Nicodemus v. Union Pac. Corp., 318 F.3d 1231, 1236 (10th Cir.2003) (“It is well settled that [a] defense that raises a federal question is inadequate to confer federal jurisdiction.’ (quoting Merrell Dow Pharm., Inc. v. Thompson, 478 U.S. 804, 808, 106 S.Ct. 3229, 92 L.Ed.2d 650 (1986) )). While a plaintiff is free to plead a federal question in his complaint, “a defendant cannot, merely by injecting a federal question into an action that asserts what is plainly a state-law claim, transform the action into one arising under federal law, thereby selecting the forum in which the claim shall be litigated.” Caterpillar, Inc. v. Williams, 482 U.S. at 399, 107 S.Ct. 2425. Even the plaintiff can only go so far in attempting to invoke federal-question jurisdiction, because [a]ny statements in the complaint which go beyond a statement of the plaintiff's claim and anticipate or reply to a probable defense are to be disregarded” in deciding whether federal-question jurisdiction exists. Mescalero Apache Tribe v. Martinez, 519 F.2d 479, 481 (10th Cir.1975).

In addition to the requirement that the federal question appear on the face of the complaint, a plaintiff's cause of action must either be (i) created by federal law, or (ii) if it is a state-created cause of action, ‘its resolution must necessarily turn on a substantial question of federal law.’ Nicodemus v. Union Pac. Corp., 318 F.3d at 1235

(quoting Merrell Dow Pharm., Inc. v. Thompson, 478 U.S. at 808, 106 S.Ct. 3229 ). As for the second method, beyond the requirement of a substantial question of federal law at the heart of the case, the federal question must also be “contested.” Grable & Sons Metal Prods. v. Darue Eng'g & Mfg., 545 U.S. 308, 313, 125 S.Ct. 2363, 162 L.Ed.2d 257 (2005). Finally, the exercise of federal-question jurisdiction must also be “consistent with congressional judgment about the sound division of labor between state and federal courts governing the application of § 1331.” Grable & Sons Metal Prods. v. Darue Eng'g & Mfg., 545 U.S. at 318–19, 125 S.Ct. 2363 (explaining that “there must always be an assessment of any disruptive portent in exercising federal jurisdiction” in accepting “garden variety” state law claims).

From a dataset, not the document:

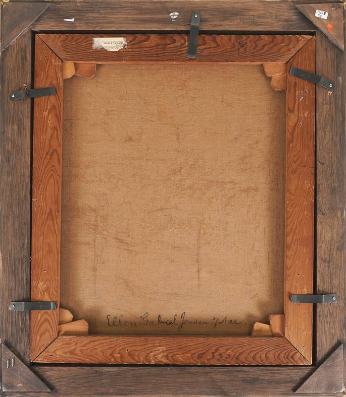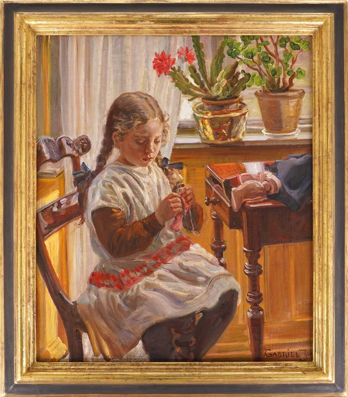 1862 Lyngby - 1930 Kopenhagen. Die Tochter des Künstlers, Ellen, beim Stricken. Öl auf Leinwand. Unten rechts signiert und datiert 1917, verso betitelt. Größe ca. 47,5 x 41 cm, Rahmen ca. 58 x 51 cm. Jensen studierte 1887-1890 an der Kopenhagener Akademie, seit 1891 war er zeitlebens in den Charlottenborger Frühjahrsausstellungen vertreten, 1900 beschickte er auch die Pariser Weltausstellung. Jensens Oeuvre umfasst sowohl Genremotive als auch Landschaften und mit sicherer Hand gemalte Porträts mit subtiler, individueller Charakterisierung der Gesichtszüge.

In Bar J Sand & Gravel, Inc. v. W. Mobil e N.M. Inc., No. Civ. 05–800 JB/WPL, 2005 WL 3663689 (D.N.M. Sept. 29, 2005)

(Browning, J.), the plaintiff's complaint stated causes of action for breach of contract, breach of the covenant of good faith and fair dealing, and unfair trade practices. See 2005 WL 3663689, at *7. The defendants argued that a federal question was apparent on the face of the complaint

because, as a necessary first step in proving a breach of contract, Bar J [Sand and Gravel, Inc.,] must show that a valid contract actually exists between Bar J and the Defendants. To establish that the parties entered into a valid contract, Bar J must show that all conditions precedent were met, including Bar J's possession of a valid [Sand and Gravel] Permit [that the Pueblo of San Felipe issued to Bar J Trucking, Inc.]. In turn, whether Bar J acquired a valid Permit requires reference to the federal regulations governing the issuance of those permits. Reaching the last link in their chain of argument, the Defendants assert that the federal question is whether the creation of the Permit complied with those regulations.

2005 WL 3663689, at *8

(internal citations omitted). The Court determined that the defendants' argument confused “a condition precedent to contract performance with a condition precedent to contract formation,” and that the argument was raising an issue of federal law as a potential defense, rather than as an element of the plaintiff's case; as such, the issue did not appear on the face of the plaintiff's complaint. 2005 WL 3663689, at *8–9 (emphasis in original). The defendants also argued that a decision whether the plaintiffs validly assigned...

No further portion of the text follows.